Network and security
Atlas uses one shared VPC per root, split across two availability zones with explicit security group boundaries between the edge, workloads, database, and Kafka.
Network shape
| Concern | Current implementation |
|---|---|
| Availability zones | 2 dynamically selected AZs |
| Subnets | 2 public and 2 private subnets |
| Internet egress | 1 NAT gateway per public subnet |
| Private S3 path | S3 gateway VPC endpoint attached to private route tables |
| Flow logs | VPC Flow Logs to CloudWatch |
Security group model
| Security group | Allows |
|---|---|
alb-sg | inbound 80 and 443 from alb_ingress_cidrs, outbound unrestricted |
ecs-sg | inbound 8080 only from alb-sg, outbound unrestricted |
| dashboard backend SG | inbound target port from alb-sg, outbound unrestricted |
msk-connect-sg | no inbound, outbound unrestricted for connector workers |
msk-sg | inbound 9098 from ecs-sg and msk-connect-sg, inbound 9198 from msk_public_access_cidrs |
| RDS SG | inbound 5432 from allowed CIDRs plus the dashboard backend SG |
Ingress model
- The ALB is internet-facing and sits in public subnets.
- Port 80 redirects to 443.
- The default HTTPS listener action forwards to the events ingestion target group.

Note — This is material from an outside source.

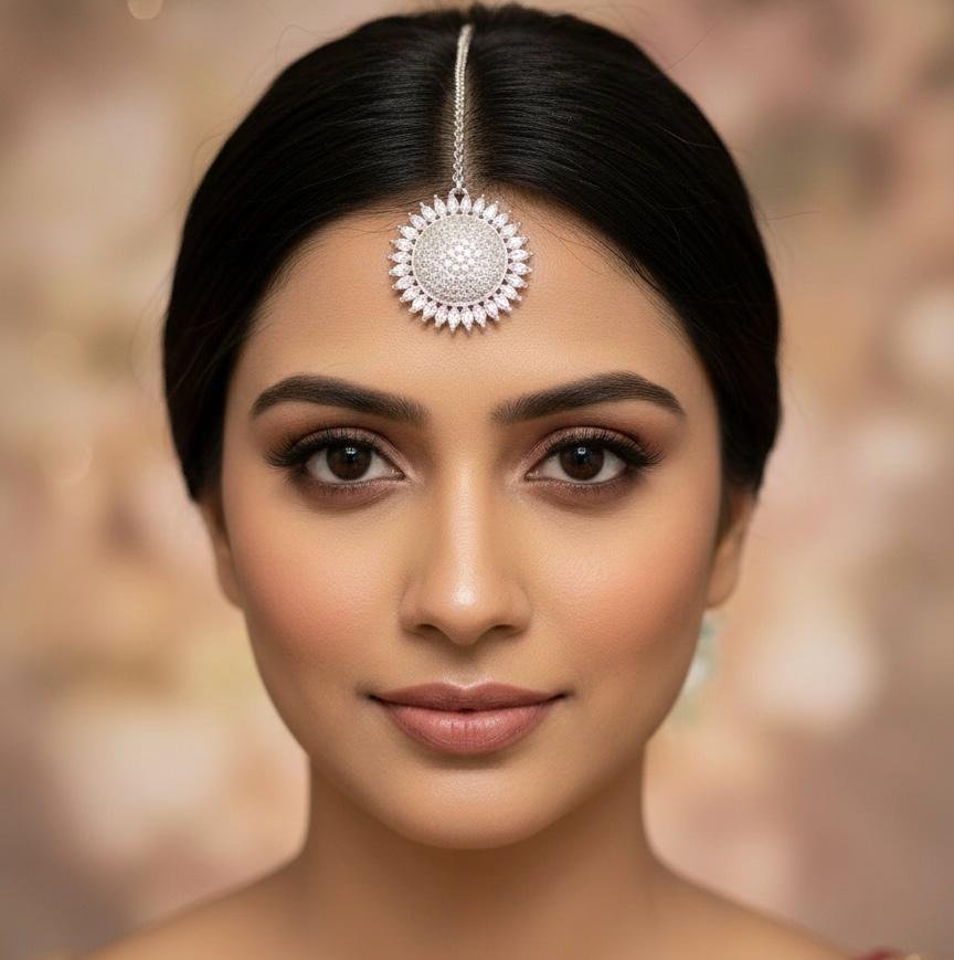 Add a graceful touch to your jewellery collection with this beautiful AD stone work maang tikka crafted with sparkling American diamond stones and finished with a fine silver polish. The elegant silver maang tikka design enhances your traditional style and pairs perfectly with saree, lehenga, and ethnic suits. Ideal for wedding wear, festive jewellery, and party occasions, this traditional AD stone tikka for women offers a classy and royal look while remaining lightweight and comfortable to wear.

- Additional listener rules route the dashboard backend and Kafka UI by hostname.
Current exposure notes
ALB exposure
Both the staging example values and the committed production values currently allow alb_ingress_cidrs = ["0.0.0.0/0"]. The module supports a tighter allow-list, but the current committed state is wide open at the edge.
MSK public access
The VPC module currently exposes port 9198 from msk-sg to msk_public_access_cidrs. That enables public IAM + TLS access for external clients such as ClickHouse validation flows.
Dashboard database access
The staging example keeps RDS on a public subnet group with publicly_accessible = true and open CIDR defaults. Production committed values move the database to private subnets and disable public accessibility.
Operational implications
- ECS tasks stay in private subnets with
assign_public_ip = false. - Hostname routing is managed at the ALB listener level, not inside a separate ingress service.
- Security hardening happens primarily through input values, not by changing the root module graph.
Some older OpenSpec pages describe stricter or different networking assumptions. The current Terraform code is the source of truth for what Atlas actually provisions today.